It doesn’t makes it any easier, I remember sitting there and listening to the test results and look at my husband next to me who have this stern look on his face and then I glance at Kalia and Tyra who were just happily playing with all the toys at the doctor’s office, my eyes just start getting blurry and I just cry right there and then.

I started asking the why questions… what did I do wrong, what did I miss, what I could’ve done different? What is it… WHY????? Don’t play a blaming game, that’s what the doctor told me. Nothing I’ve done or my husband that causes this, she assures us. It happens….  Things happens…

Doctors told me and my husband that we should not under estimate a support group for us. While we will continue to work on Kalia and her future but it is also important for us to get some counseling and support. I thought friends will do.

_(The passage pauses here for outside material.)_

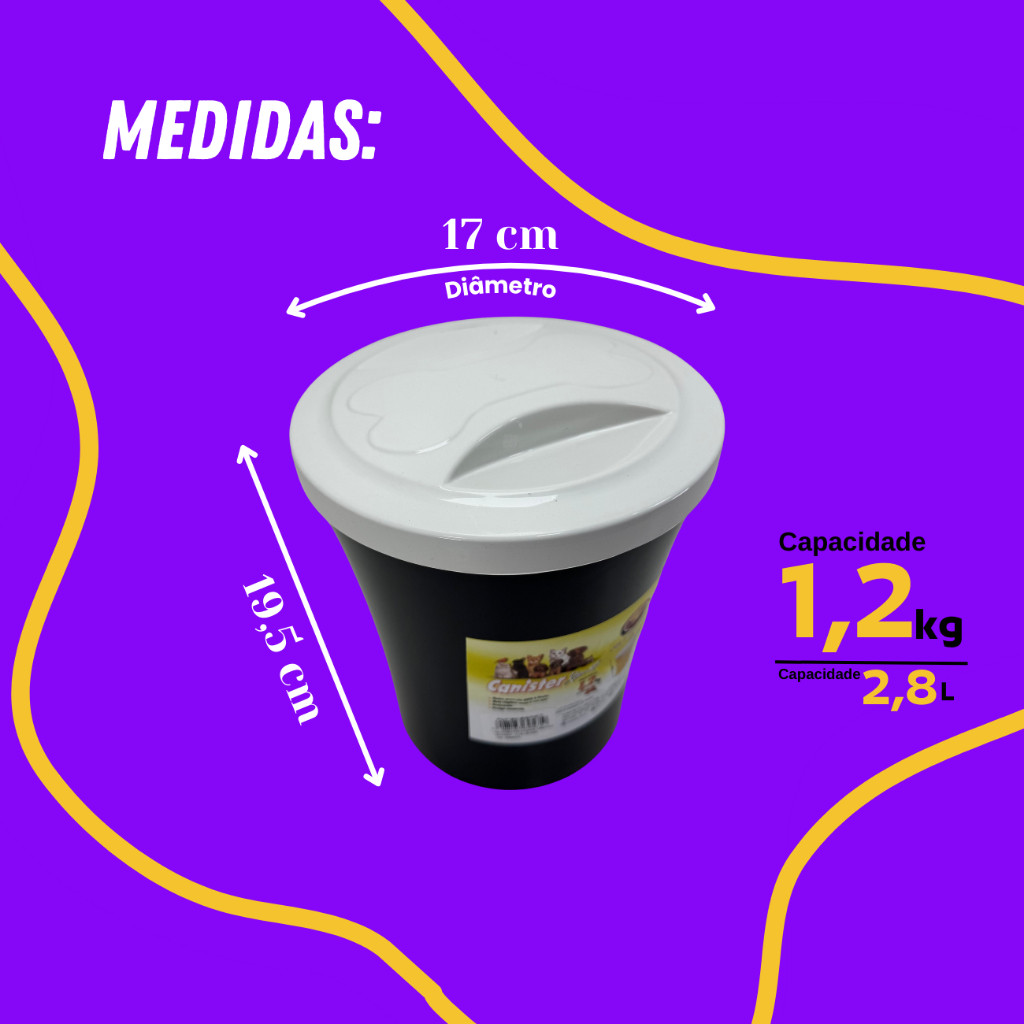 Canister Porta Ração 1,2kg Redondo Com Tampa Cor Preto - Furacão Pet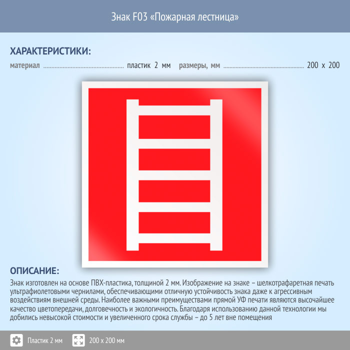 Знак F03 «Пожарная лестница» (пластик, 200х200 мм) в Ижевске купить

While we were waiting to get the test done, I took pictures of my kids playing in the waiting room and I post it on facebook. Some of friends start calling and ask if everything is okay. Friday afternoon was a very overwhelming time for us so I don’t return phone calls until Saturday. Even then I was still mixed with anger and guilt.

After hearing of what happens, I would say most friends are very supportive and sympathetic. However there are few that shocked me more. By the way, I’m talking just a handful of people that knows about it. Some friend thought I was being a drama queen and I shouldn’t fret about it too much. Okay …. But then, some friends who was my longtime friends and I consider a very good friends actually start blaming me, her first reaction was “What the H#@#$ did you do to her? Did you clean her *** too hard that causing this?” She’s actually the only person I reach out too – beside my family. And her respond was not something I expected.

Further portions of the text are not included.